Retype the data below exactly; skip every image.

Data shown →

.....

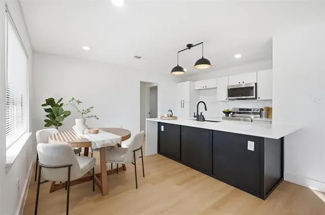 Enter to an bright, open-concept layout featuring brand-new luxury flooring, fresh paint, recessed lighting, smooth ceilings, and abundant natural light. The chef’s kitchen shines with new cabinets, quartz countertops, stainless steel appliances, a large island, and plentiful storage—perfect for family meals or hosting. Both bathrooms are fully reimagined with contemporary tile, vanities, fixtures, and spa-inspired touches.
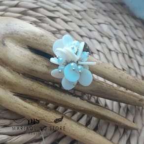 Uma anel lindo todo trabalhado em cachos de madrepérolas verdadeiras na cor natural com minis cristais na cor branco off.
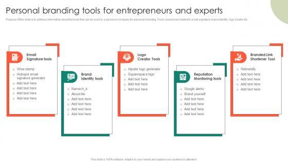 Purpose of this slide is to address information about the tools that can be used by a person or company for personal branding. Tools covered are related to email signature, brand identity, logo creator etc.Find a pre-designed and impeccable Personal Branding Tools For Entrepreneurs Entrepreneurs Roadmap To Effective Introduction Pdf. The templates can ace your presentation without additional effort. You can download these easy-to-edit presentation templates to make your presentation stand out from others. So, what are you waiting for Download the template from Slidegeeks today and give a unique touch to your presentation. Purpose of this slide is to address information about the tools that can be used by a person or company for personal branding. Tools covered are related to email signature, brand identity, logo creator etc.
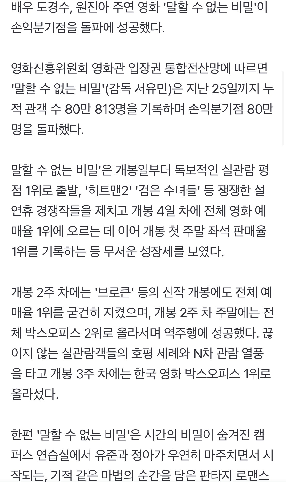 도경수도 해냈다…'말할 수 없는 비밀' 손익분기점 돌파
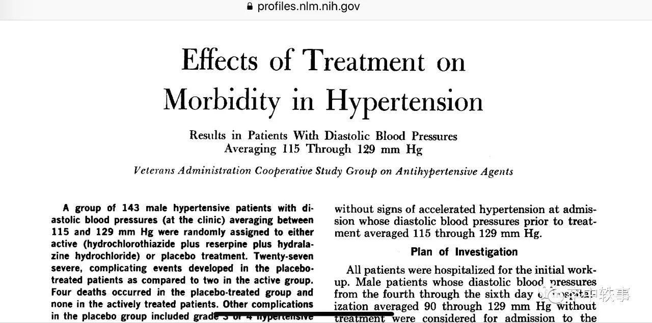 这是美国的一项有对照组的研究,被称为 “退伍军人高血压治疗研究 - Veterans Administration Cooperation Study Group on Antihypertensive Agents”,主要由 Edward Freis 指挥的。
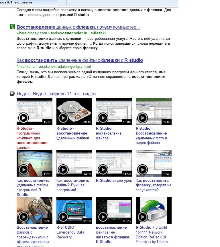 Например, по запросу "восстановление флешки R-studio" и еще по некоторым, в ряде запросов вообще эта портянка видео стоит сразу после третьего сайта, а остальные улетают черт знает насколько вниз.
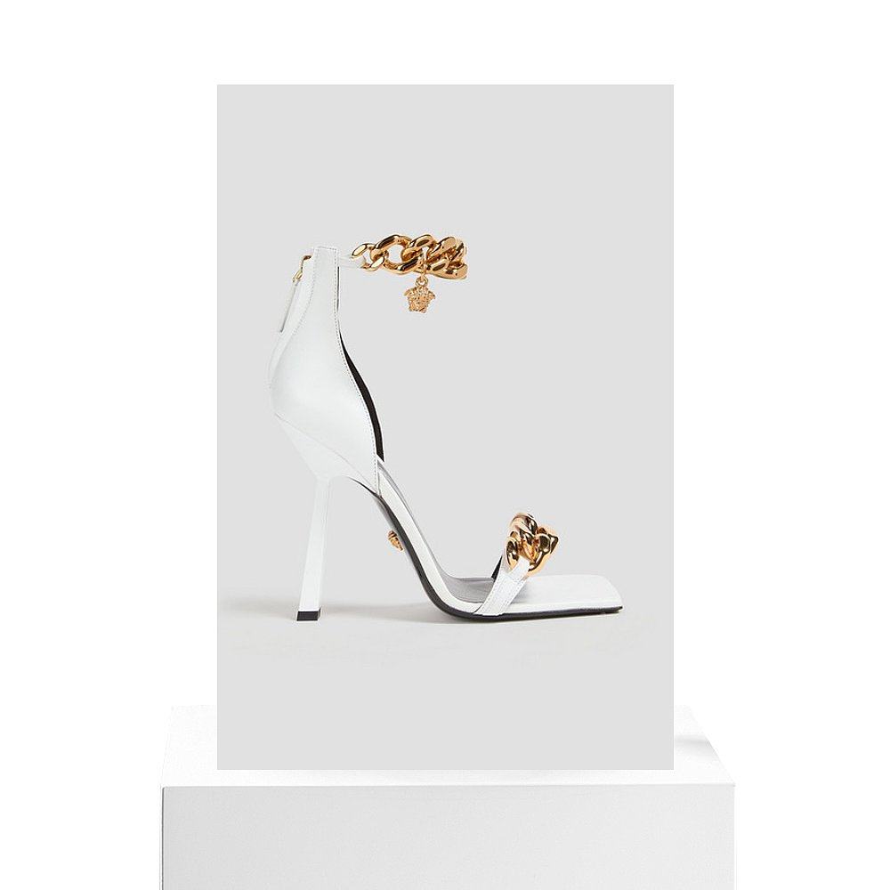1h可退 香港直邮Versace 范思哲 女士 Medusa 链条装饰皮质凉鞋 1
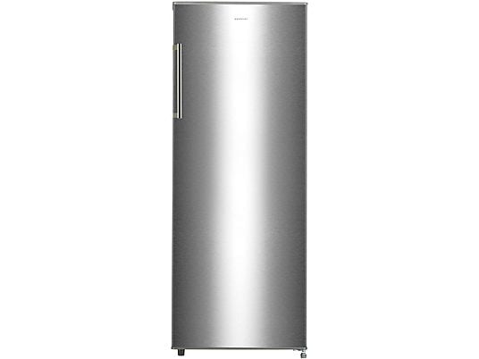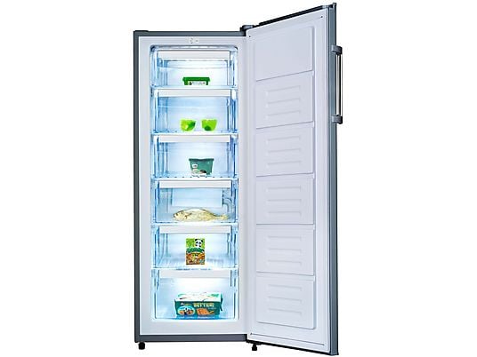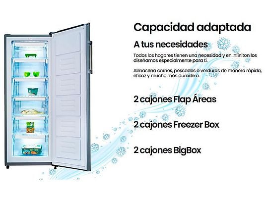 Congelador vertical INFINITON de 172 L en acabado inox, con 1 puerta reversible, 4 estrellas, cajones BigBox y función Fast Freezing. Silencioso, eficiente y práctico para cualquier hogar.
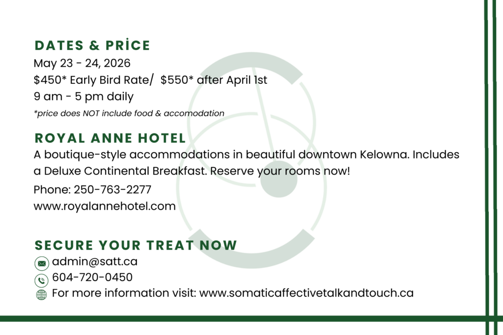 A 2 year Somatic Affective Talk & Touch® Training Program. SATT is a healing modality that uses gentle touch and simple dialogue to raise awareness and offer choice. It IS possible for your mind and body to move together with greater ease and comfort.
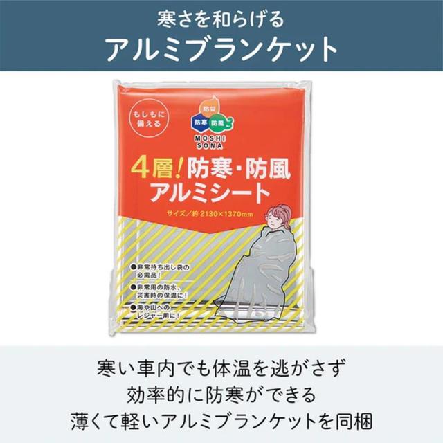 セット内容:保存水(500ml)、クッキー(3本入)、備蓄氷糖×2個、非常用簡易トイレ×3個(汚物収納袋+抗菌性凝固剤)、ホイッスル、軍手、マスク、アルミブランケット、アイマスク、ポケットティッシュ、連絡カード、ペン(鉛筆芯)
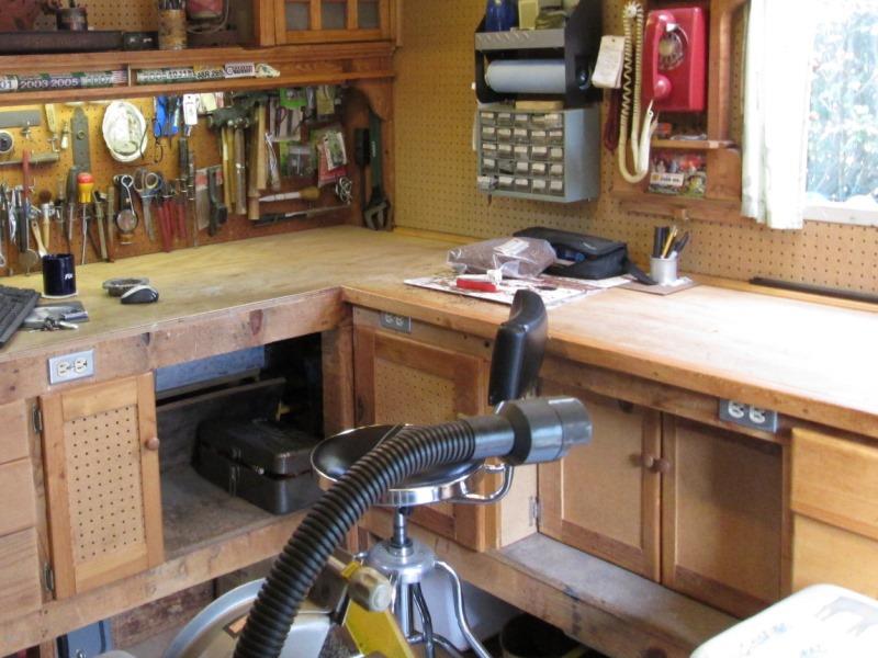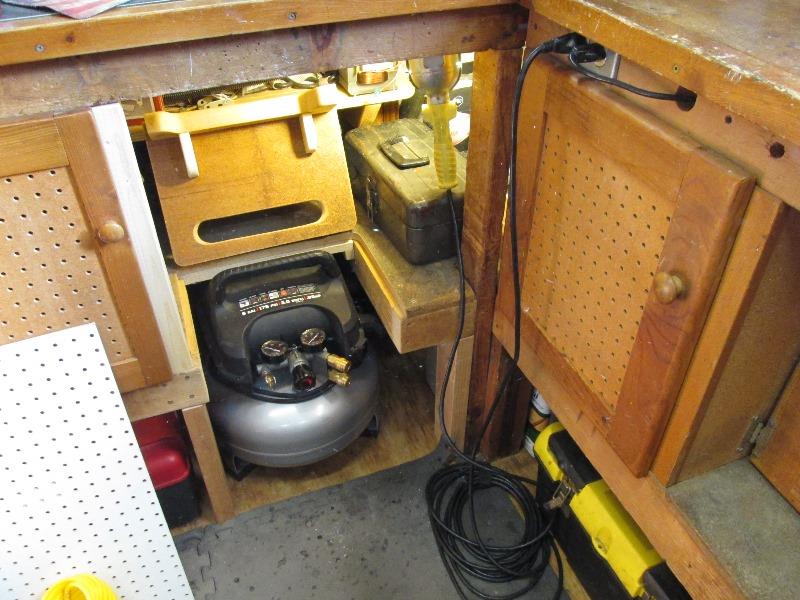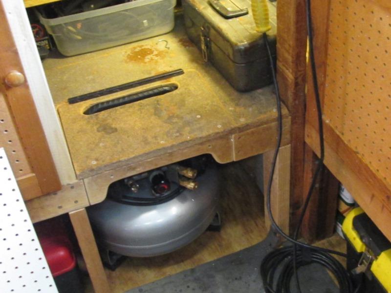 It lives in a lean to just outside shop next to sink, most air needs (cutting/grinding cleaning) are done outside and has worked well. For those occasional needs to run inside shop kind of a pain. Hose draped across deck and inside shop either tripping- getting tangled in cords-just doesn't work. Having air inside for light use would be awesome. So revisited at what it would take to store in shop. Where to put Modify workbench![]() There are only 2 options, on floor under shelf either at front bench or at the side under the vise. Though I seriously considered removing the compressors handle so it would slide under shelf anywhere, that would defeat its portability. I also considered making a handle that didn't stand as tall, then notch the shelf support 2x4 so compressor would fit. That left as only option under the front shelf as the 3 drawers under vise have a lot of weight and the support cant be cut.
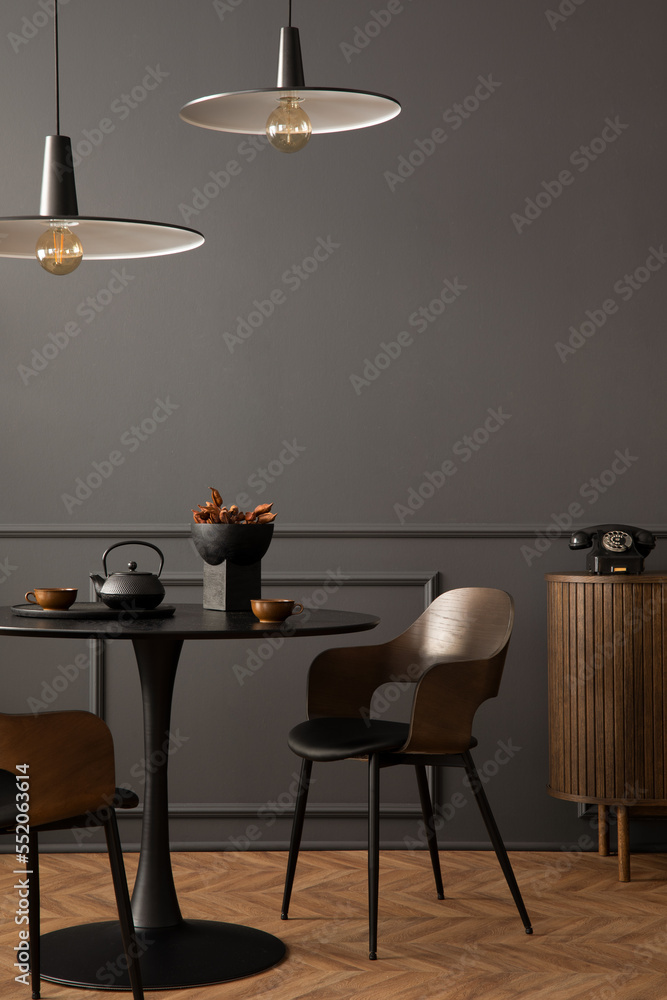 Minimalist composition of living room interior with black round coffee table, stylish chair, wooden sideboard, dark wall with stucco, pitcher, lamp and personal accessories. Home decor. Template.
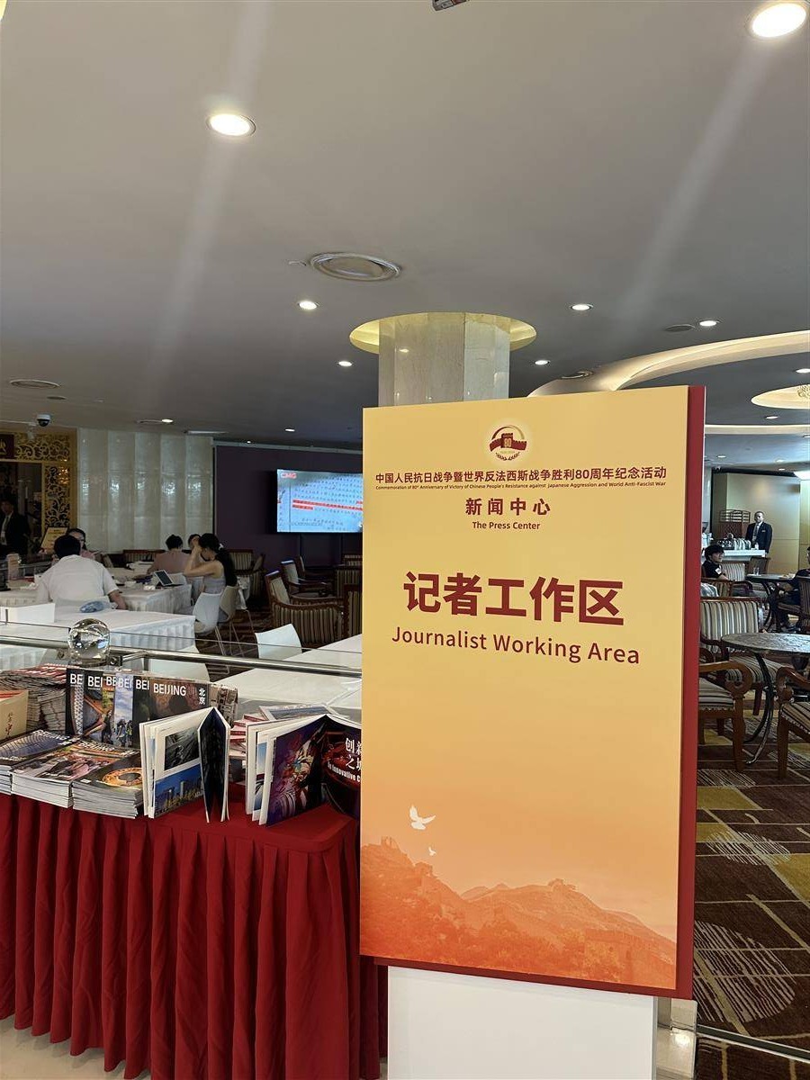 湖北日报讯(记者许旷)8月27日,北京梅地亚中心宾馆,中国人民抗日战争暨世界反法西斯战争胜利80周年纪念活动新闻中心开始对外接待服务。
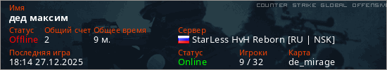 Играет на Counter Strike Global Offensive сервере. Страна: РоссияПервый раз замечен 16:00 26.12.2025

.....

Answer to this exercise →
 Enter to an bright, open-concept layout featuring brand-new luxury flooring, fresh paint, recessed lighting, smooth ceilings, and abundant natural light. The chef’s kitchen shines with new cabinets, quartz countertops, stainless steel appliances, a large island, and plentiful storage—perfect for family meals or hosting. Both bathrooms are fully reimagined with contemporary tile, vanities, fixtures, and spa-inspired touches.
 Uma anel lindo todo trabalhado em cachos de madrepérolas verdadeiras na cor natural com minis cristais na cor branco off.
 Purpose of this slide is to address information about the tools that can be used by a person or company for personal branding. Tools covered are related to email signature, brand identity, logo creator etc.Find a pre-designed and impeccable Personal Branding Tools For Entrepreneurs Entrepreneurs Roadmap To Effective Introduction Pdf. The templates can ace your presentation without additional effort. You can download these easy-to-edit presentation templates to make your presentation stand out from others. So, what are you waiting for Download the template from Slidegeeks today and give a unique touch to your presentation. Purpose of this slide is to address information about the tools that can be used by a person or company for personal branding. Tools covered are related to email signature, brand identity, logo creator etc.
 도경수도 해냈다…'말할 수 없는 비밀' 손익분기점 돌파
 这是美国的一项有对照组的研究,被称为 “退伍军人高血压治疗研究 - Veterans Administration Cooperation Study Group on Antihypertensive Agents”,主要由 Edward Freis 指挥的。
 Например, по запросу "восстановление флешки R-studio" и еще по некоторым, в ряде запросов вообще эта портянка видео стоит сразу после третьего сайта, а остальные улетают черт знает насколько вниз.
1h可退 香港直邮Versace 范思哲 女士 Medusa 链条装饰皮质凉鞋 1
 Congelador vertical INFINITON de 172 L en acabado inox, con 1 puerta reversible, 4 estrellas, cajones BigBox y función Fast Freezing. Silencioso, eficiente y práctico para cualquier hogar.
 A 2 year Somatic Affective Talk & Touch® Training Program. SATT is a healing modality that uses gentle touch and simple dialogue to raise awareness and offer choice. It IS possible for your mind and body to move together with greater ease and comfort.
 セット内容:保存水(500ml)、クッキー(3本入)、備蓄氷糖×2個、非常用簡易トイレ×3個(汚物収納袋+抗菌性凝固剤)、ホイッスル、軍手、マスク、アルミブランケット、アイマスク、ポケットティッシュ、連絡カード、ペン(鉛筆芯)
 It lives in a lean to just outside shop next to sink, most air needs (cutting/grinding cleaning) are done outside and has worked well. For those occasional needs to run inside shop kind of a pain. Hose draped across deck and inside shop either tripping- getting tangled in cords-just doesn't work. Having air inside for light use would be awesome. So revisited at what it would take to store in shop. Where to put Modify workbench![]() There are only 2 options, on floor under shelf either at front bench or at the side under the vise. Though I seriously considered removing the compressors handle so it would slide under shelf anywhere, that would defeat its portability. I also considered making a handle that didn't stand as tall, then notch the shelf support 2x4 so compressor would fit. That left as only option under the front shelf as the 3 drawers under vise have a lot of weight and the support cant be cut.
 Minimalist composition of living room interior with black round coffee table, stylish chair, wooden sideboard, dark wall with stucco, pitcher, lamp and personal accessories. Home decor. Template.
 湖北日报讯(记者许旷)8月27日,北京梅地亚中心宾馆,中国人民抗日战争暨世界反法西斯战争胜利80周年纪念活动新闻中心开始对外接待服务。
 Играет на Counter Strike Global Offensive сервере. Страна: РоссияПервый раз замечен 16:00 26.12.2025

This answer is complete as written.